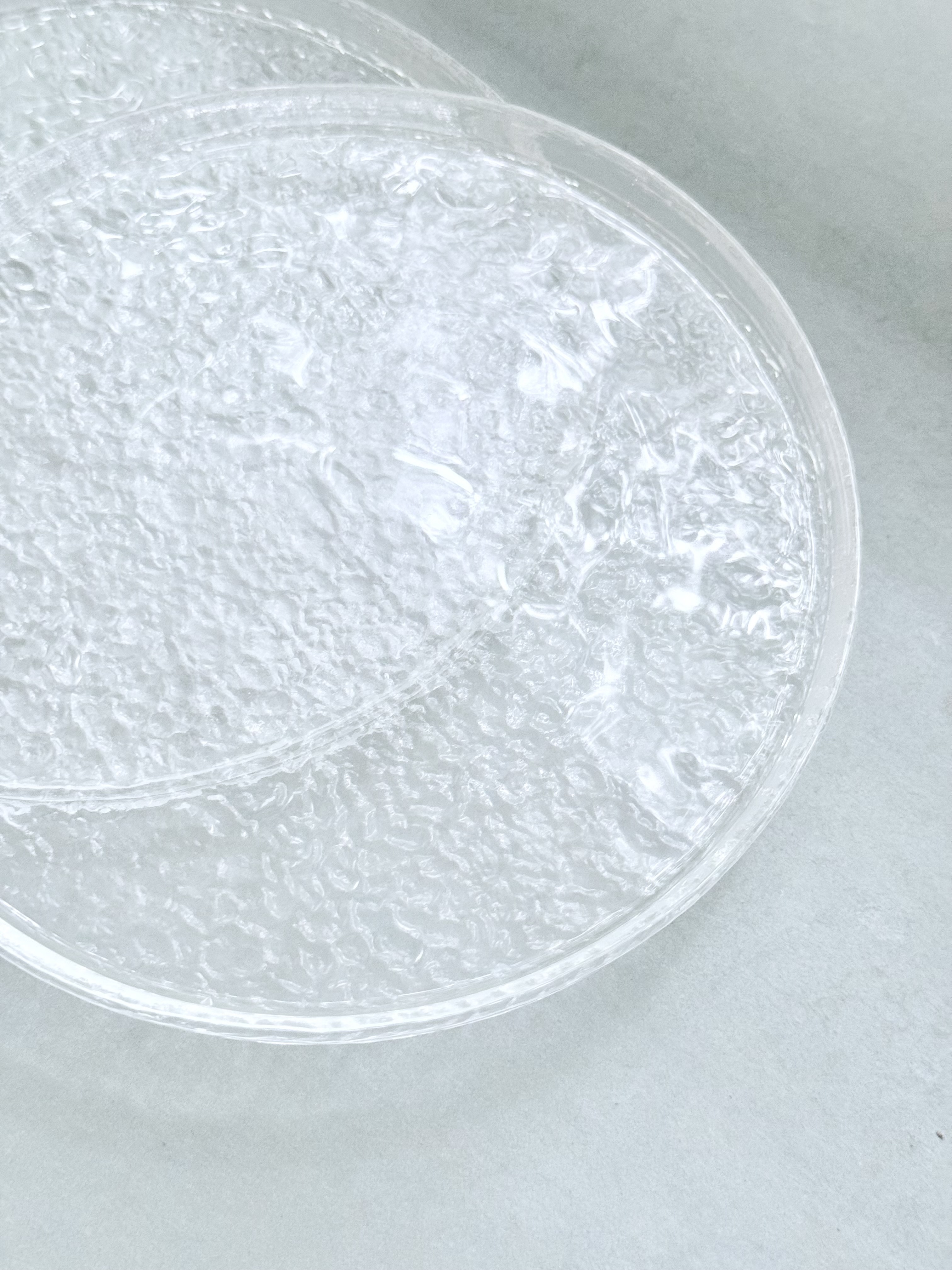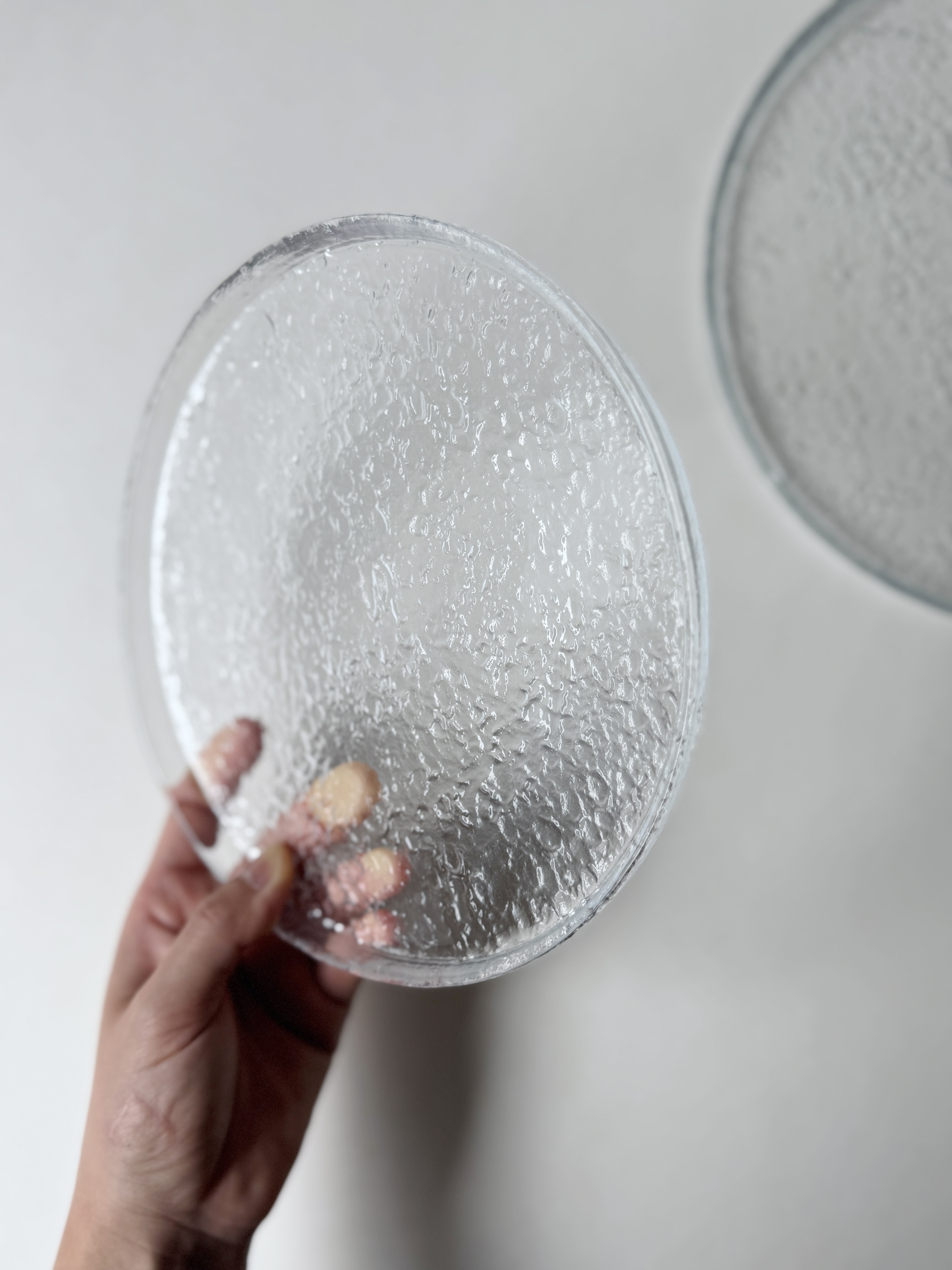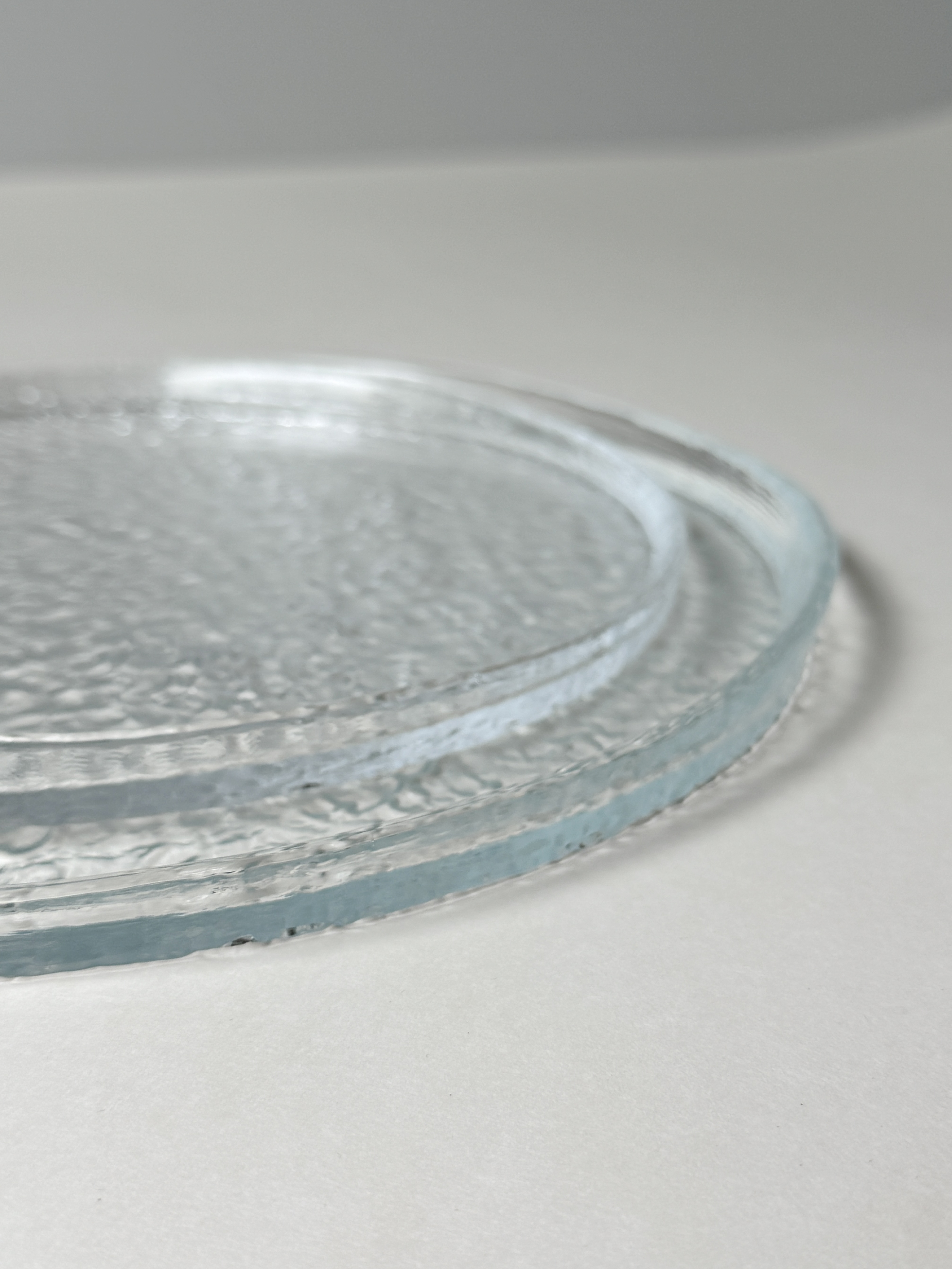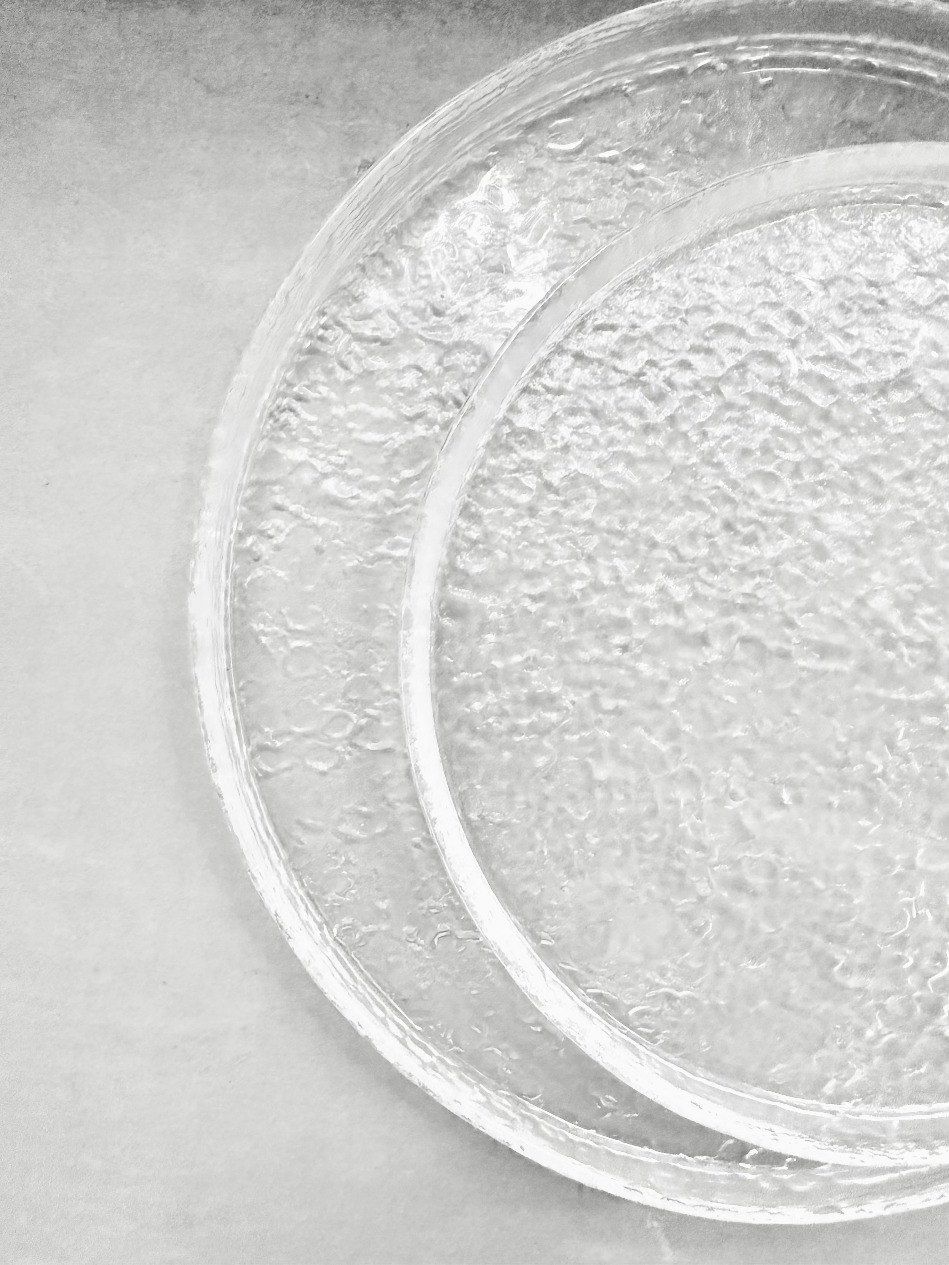 동그란 형태와 낮은 높이로 깔끔한 디자인과 유리 소재가 주는 깨끗한 분위기로 손이 자주가는 접시입니다. 간단한 안주, 과일, 디저트, 치즈등 음식을 두었을때 근사한 음식으로 만들어주어 식탁에서의 즐거움이 가득해집니다.
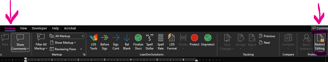 Loan documents that are reviewed and uploaded by outside counsel often times are protected and in "View only". As such they will require a password entry in order to "unprotect" them so you can edit and modity if necessary.
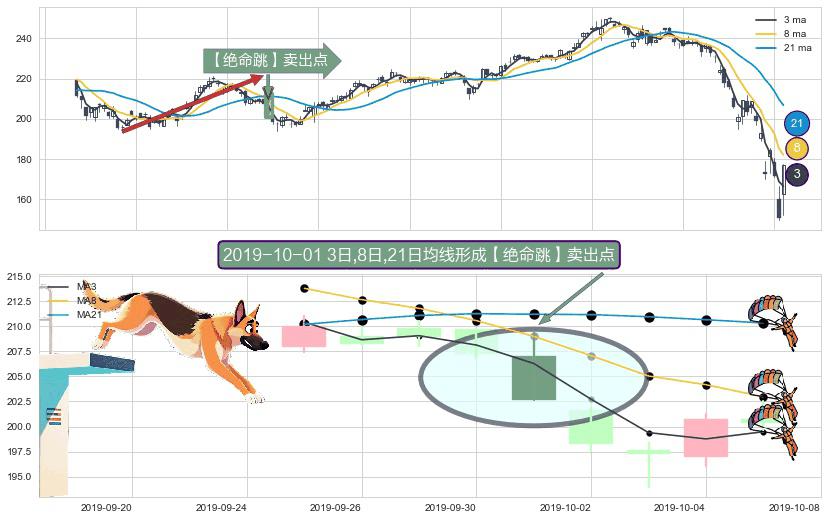 ⚀ 2019-10-01日显现 3日-8日-21日均线 【绝命跳】卖出点 看空信号,后市看跌,卖出

*TASK OBJECTIVE*: The expected output is the full material above, unaltered, with pictures removed.

*REPLY*:
 동그란 형태와 낮은 높이로 깔끔한 디자인과 유리 소재가 주는 깨끗한 분위기로 손이 자주가는 접시입니다. 간단한 안주, 과일, 디저트, 치즈등 음식을 두었을때 근사한 음식으로 만들어주어 식탁에서의 즐거움이 가득해집니다.
 Loan documents that are reviewed and uploaded by outside counsel often times are protected and in "View only". As such they will require a password entry in order to "unprotect" them so you can edit and modity if necessary.
 ⚀ 2019-10-01日显现 3日-8日-21日均线 【绝命跳】卖出点 看空信号,后市看跌,卖出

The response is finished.